What are the effects of prescription drug fraud?

Prescription drug fraud is a very serious problem, because prescription drugs contribute greatly to the opioid epidemic. Opioids are highly addictive drugs. Many prescription painkillers are in the same family as illegal drugs like heroin. It is not uncommon for patients to be legitimately prescribed prescription painkillers only to become addicted to them. Once addicted, a patient may either try to fraudulently obtain additional prescriptions, or if they fail to get the legitimate prescription drug, they may turn to buying street drugs like heroin in search of similar effects.

Because of this phenomenon, the use of both prescription drugs and heroin has greatly increased over the past 15-20 years. The CDC found that in 2012, doctors prescribed enough opioids to give a bottle to every adult in the country, and the majority of new heroin users were addicted to prescription opioids first.

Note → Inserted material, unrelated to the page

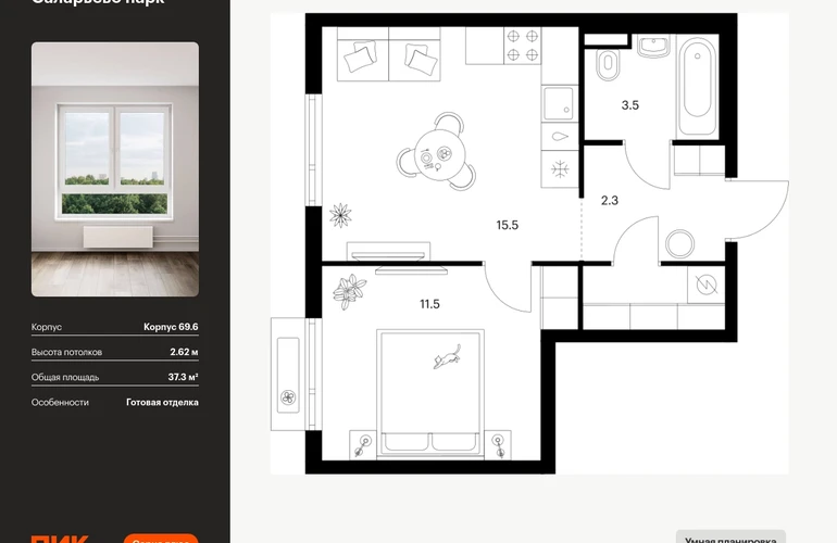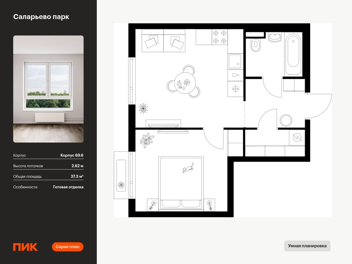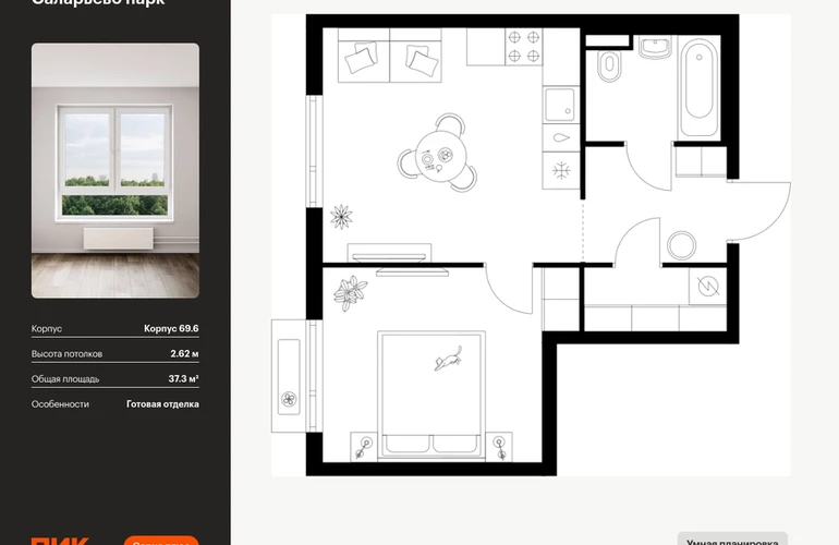 Продаётся 1-комн.квартира площадью 37.30 кв.м на 2 этаже 14 этажного дома (Корпус 69.6, секция 6) проекта ПИК Саларьево парк. Светлый просторный подъезд на уровне земли, функциональная планировка, большие окна, с отделкой. Жилой район «Саларьево парк» расположен в Новой Москве, в четырёх километрах от МКАД по Киевскому шоссе. Две станции метро: «Саларьево» и «Филатов луг», — находятся в пешей доступности от проекта. Дойти до них можно за 5–10 минут. В квартале уже создана качественная среда, где есть абсолютно всё для полноценной жизни, работы и отдыха. «Саларьево парк» — не просто квартал, а полноценный жилой район, который отличается разноплановой архитектурой. Над концепцией квартала работали несколько ведущих архитектурных бюро, которые стремились добиться разнообразия в фасадных решениях. Ярким примером такого подхода станут корпуса 82 и 83, которые относятся к «Серии плюс». Новый корпус 83 был создан по принципам южной архитектуры: расслабленный и лаконичный силуэт зданий, привлекающий к себе внимание. Архитектурная изюминка 83-го корпуса — террасы и фигурные балконы. Вместе с окнами и другими акцентными элементами они создают уникальный облик здания, отсылая нас к изысканной южной архитектуре. Все корпуса в квартале гармонично сочетаются, образуя единую городскую среду. Здесь приятно гулять и проводить время на улице всей семьёй. В «Саларьево парке» создана уникальная образовательная среда, включающая в себя шесть школ, рассчитанных на 6 250 учеников. Четыре из них уже открыты, их посещает 2 300 детей. Также на территории «Саларьево парка» находится 12 детских садов, один из которых с бассейном. Сейчас уже открыты 8 садов. В «Саларьево парке» открыта уникальная игровая площадка — PlayHub «Оригами». Здесь есть ручей, горка-труба и рельефные холмы. Взрослые смогут отдохнуть в уютном кафе, пока дети играют. Также на территории проекта есть SportHub — большая спортивная зона, разделённая по интересам и возрастам. Здесь можно заниматься разными видами спорта: футболом, баскетболом, волейболом и стритболом. Зимой центральную часть площадки превращают в каток. Во дворах-парках жилого квартала есть места для отдыха, детские и спортивные площадки. На первых этажах домов расположены магазины, кафе и полезные сервисы. Также вблизи проекта есть несколько масштабных торговых центров. До ТЦ «Саларис» пять минут пешком, до «Рио», Metro Cash & Carry и «Леруа Мерлен» — пять минут на автомобиле. Артикул - 1024017О застройщике

How to Prevent Prescription Drug Fraud

Prescription drug fraud and the soaring rates of opioid use have proved difficult to combat, but there are some solutions that physicians, pharmacists, law enforcement officers, and insurance companies can implement to try to reduce the rate of prescription drug fraud and subsequent opioid addiction. Blue Cross Blue Shield implemented a plan to monitor patients and prescribers in an effort to detect addictive behavior and unethical practices. They report doctors who prescribe large amounts of controlled substances, and flag patients who obtain multiple prescriptions for controlled substances within a short time period or from multiple doctors or pharmacies.

The DEA recommends that pharmacists be familiar with their patients, make note of any suspicious amounts of new patients from the same prescribing physician, be familiar with the prescriber and his or her signature, know the prescriber’s DEA registration number, and check dates on prescriptions. Prescriptions that have not been filled within a reasonable length of time may be suspicious.

Pharmacists should call the prescribing physician for verification or clarification if there is any question about the validity or specifics of the prescription order. Pharmacies can request to see a patient’s identification to be sure the patient is in fact the person to whom the prescription was written. Pharmacists are also asked to keep an eye out for prescriptions that appear to be forged or altered and to contact the police if they are presented with a counterfeit prescription or notice a pattern of suspicious behavior among patients or prescribing doctors.